Jim Brock

Biographical details
- Born: July 24, 1936 Phoenix, Arizona, U.S.
- Died: June 12, 1994 (aged 57) Mesa, Arizona, U.S.
- Alma mater: Arizona State University

Coaching career (HC unless noted)
- 1972–1994: Arizona State

Head coaching record
- Overall: 1,099–441-1

Accomplishments and honors

Championships
- 2 College World Series (1977, 1981)

Awards
- National Coach of the Year (1977, 1981, 1984, 1988)
- College Baseball Hall of Fame Inducted in 2007

= Jim Brock =

American baseball coach (1936–1994)

Jim Brock (July 24, 1936 – June 12, 1994) was the head coach of the Arizona State Sun Devils baseball team for 23 seasons from 1972 until his death in 1994.

During his first year as head coach, Brock managed his team to a 64–6 record. That mark remains the NCAA record for all-time winning percentage in a single season (.914). Brock's record at ASU was 1,100–440 (.714), and he also led ASU to thirteen College World Series appearances.

In 1994, Brock battled liver and colon cancer that would take his life one day after the conclusion of the College World Series. Though his strength was waning, Brock did not miss a conference game through the '94 season. He led his team through the regional tournament at Knoxville, Tennessee, and was in the dugout when the Sun Devils beat the University of Miami 4–0, in the opener of the College World Series. Speaking in little more than a whisper, he gave his team an inspirational pep talk after a scoreless first inning when he sensed that the Sun Devils were flat. "You can make an assumption that you'll be up because it's the College World Series," Brock said, "But you spend so much emotion in the final game of the regional that you sometimes have to find a way to regain that emotion." On his way to Rosenblatt Stadium (home of the College World Series), for the second game of the Series, Brock's condition worsened. The Sun Devils went on to lose to the University of Oklahoma, 4–3, in the home half of the eleventh inning. Brock was airlifted from Omaha to a Mesa hospital shortly before game number three. His Sun Devils went on to hit five home runs to eliminate top-seeded Miami, 9–5, presenting him with his 1,100th coaching victory. Later, Oklahoma eliminated ASU from the series and went on to capture the national title. On June 12, 1994, three days after his team's season ended, Brock died of colon cancer. He was 57. Brock was posthumously voted into the College Baseball Hall of Fame in 2007.

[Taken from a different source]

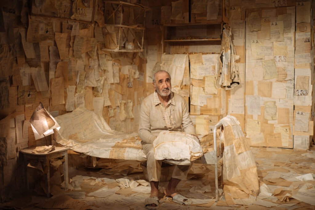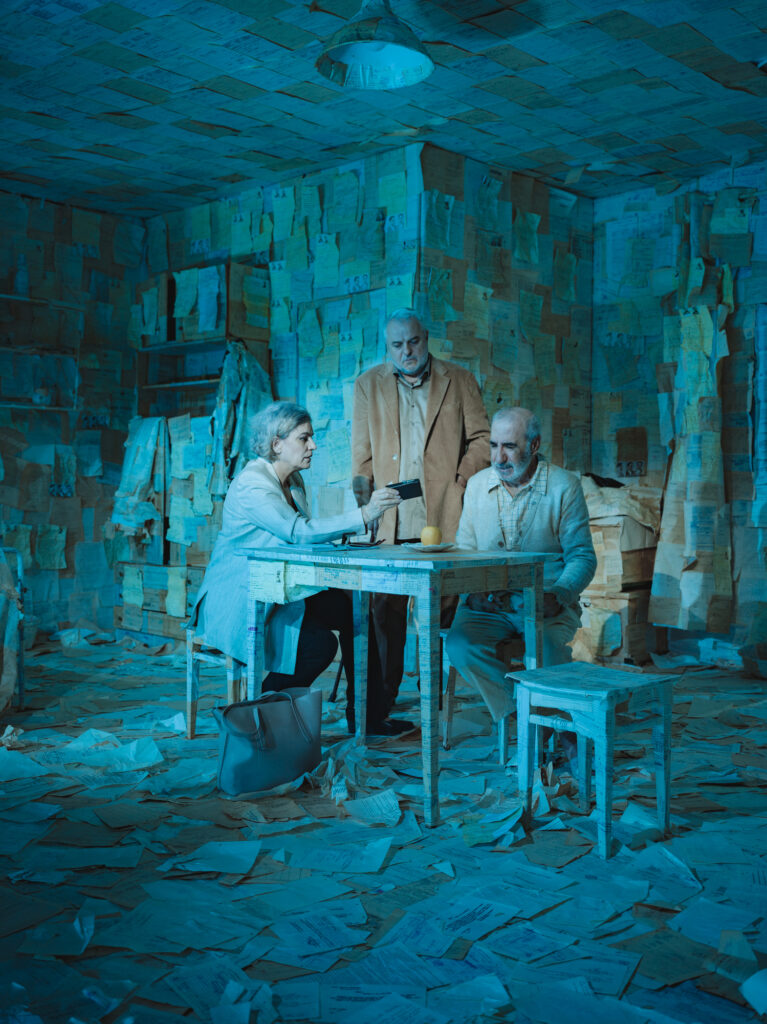 Scenografia conotativă semnată de Adrian Damian reia un safe space pe care pereţii capitonaţi cu foi îngălbenite din dosare politice îl pun sub microcop. Într-un loc comun scos din uzul său colocvial prin semn teatral, cele trei personaje par că fac parte integrantă din lumea filelor mototolie; sunt, la rândul lor, pagini de dosar. Profesorul Fronea Bădulescu – Mircea Rusu – şi Doina Jela – Maia Morgenstern – se decupează ca într-un bazorelief prin contrastul tonurilor închise ale nuanţelor din costum. Franţ Ţandără – Răzvan Vasilescu – însă, e una cu lumea care îl îngroapă de viu şi îi revendică ultimul strop de pace. Video mappingul intervine la răstimpuri bine măsurate drept subtitluri, parcă, ale capitolelor din mărturia fostului ucigaş de la Canalul Dunăre-Marea Neagră şi subliniază vârfurile de intensitate ale chinului rememorării.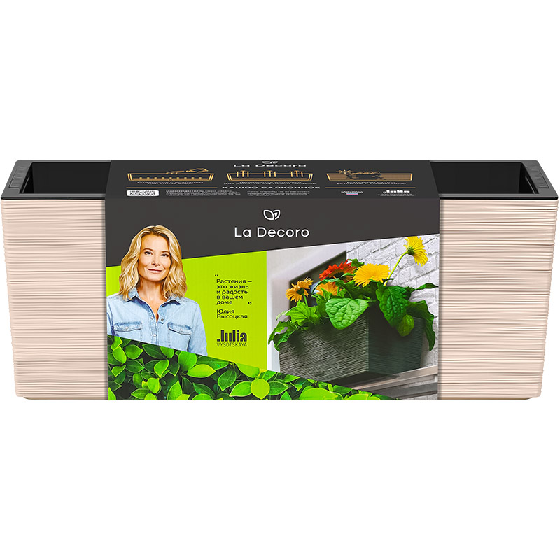 Балконное кашпо из премиальной коллекции La Decoro - это не только красивое, но и функциональное кашпо, которое станет cтильным дополнением дома и сада. Преимущества модели:▫️ Фактурная лаконичная поверхность с природными мотивами;▫️ 2 варианта дренажной вставки: цельная и раздельная, состоящая из 3-х отсеков - удобно при выращивании разных в уходе растений;▫️ Наличие ручек в дренажной вставке для удобного извлечения из корпуса;▫️ Клапан для слива воды — удобно для контроля влажности почвы;▫️ 8 трендовых оттенков на любой вкус.Кашпо оформлено в стильную упаковку с амбассадором бренда La Decoro Юлией Высоцкой.

Brock coached ASU to two College World Series Championships in 1977 and 1981, and was named National Coach of the Year four different times in his career (1977, 1981, 1984, 1988). Brock sent 175 players into professional baseball—an average of almost eight per year. Brock coached seven first-round picks and all of ASU's three Golden Spikes winners. He was a five-time winner of the Pacific-10 Conference (Pac-10) Coach of the Year. Brock's No. 33 is retired by ASU, and in 2006, Bobby Winkles Field-Packard Stadium at Brock Ballpark was dedicated to Brock.